2020: Are We Seeing Clearly Yet?
As the Year of Our Lord 2019 came to an end, could anyone have predicted the lessons in 2020?
There are many lessons we can learn from the current pandemic and ensuing shutdowns. There are also some things that were predictable because they never change. The first given: Political turmoil in 2020 — it’s an even-numbered election year. The second given: The national media and the Democratic National Committee — one and the same — will find heinous fault with anything proposed by the Right.
Currently, the press vacillates between accusing the Trump administration of “overreacting” to the novel coronavirus and switching to screams that President Donald Trump thinks he’s a king for trying to reopen the economy against the wishes of enlightened Democrat governors.

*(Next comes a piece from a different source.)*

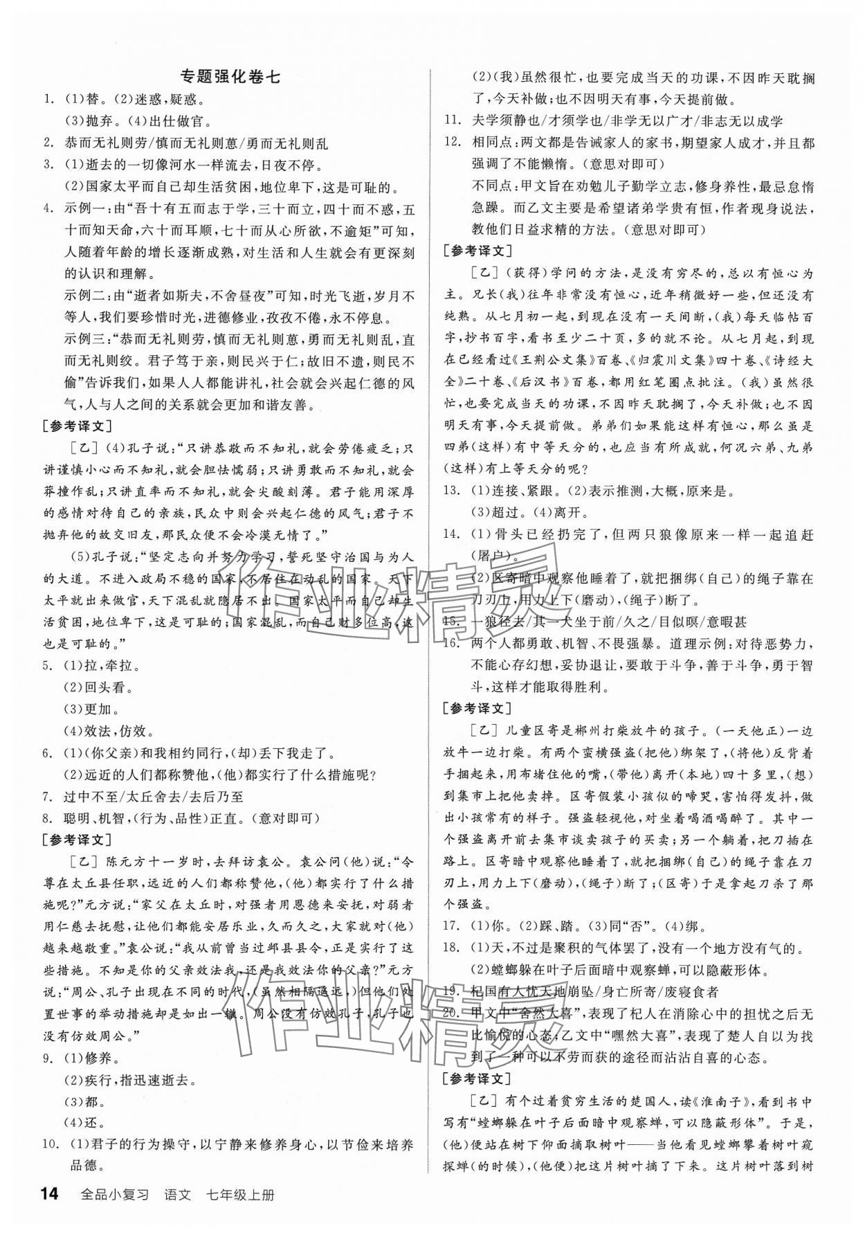 注:目前有些书本章节名称可能整理的还不是很完善,但都是按照顺序排列的,请同学们按照顺序仔细查找。练习册 2023年全品小复习七年级语文上册人教版宁夏专版 答案主要是用来给同学们做完题方便对答案用的,请勿直接抄袭。

Go ahead and shake your heads. Yes, we predicted the political Left truly being invested in failure of the American people; but maybe some folks just didn’t realize how disgusting it would be.
But not all things are political. The year 2020 will occupy a lot of written copy for historians. It should also serve as one of those times that Americans can see life in a way that never would have occurred outside the reach of a crisis that touched pretty much everything.
In November 2019, Americans were happily spending their growing paychecks. Business owners were enjoying the Trump economy and Christmas was on its way. Who could’ve guessed that one of the more virulent of coronaviruses being studied in the Wuhan Institute of Virology, a biosecurity level 4 facility, would within a matter of weeks have infected the world?
Different from woes like wildfires, tornadoes, or earthquakes that had already hit the lives of Americans in 2020, but on a regional and episodic basis, this novel coronavirus was a contagion that had never provoked an immune response in anyone. COVID-19 was thought to impact the elderly and frail most, but early cases were proving that this pathogen was an equal-opportunity inhabitant. While some had and have no symptoms or only endure mild responses, others succumb to hospitalization and death.
A temporary response was needed to understand the pattern and presentation this virus would make — to save lives we claim to care about as we declare #AllLifeIsPrecious. But now it’s time to bring our economy back online and allow folks to work and adapt.
So, to the lessons learned in these first four months of 2020. We now know:
What a world looks like without a needed vaccine.
What Americans will experience when government controls healthcare, the economy, and our ability to come and go, as well as its surveillance and enforcement of restrictions. It looks an awful lot like socialism.
That we do have rights. But those rights extend to the point at which another’s begins. Those over the age of 55 who have been most susceptible to death with COVID-19 have rights just like the 20-, 30-, and 40-year-olds who want to move freely without restraint.
How important it is to have elected officials in place who may hold the power to operate in extraordinary times with greater enforcement but understand the temporary nature and need for restraint and limits on that power.
The value of spending more time with our own family in our homes, instead of days overly crammed with events and busyness.
That homeschooling can and does work. Distance learning is still education.
That some business can be performed remotely to reduce some critical infrastructure issues in urban areas. Schedules can be managed to allow creative solutions to choked highways.
That today’s culture places excessive worth on celebrities, athletes, and media talkingheads.
That we’ve undervalued doctors, nurses, and the entire healthcare team, as well as law enforcement and first responders. But we’ve also undervalued truckers, grocery-store operators and employees, those tending to our utilities, and so many other American workers who keep supply lines running and are truly essential in times of crisis.
That working and making is much more fulfilling and necessary to the health of individuals, families, communities, and our nation.
The first third of 2020 is almost history. The lessons that some will learn — and use to grow — will separate Americans even more. There will be those with 20/20 vision and those who miss the value of ensuring that we do have our health, our family, our free markets and economy, as well as our Liberty, all intact.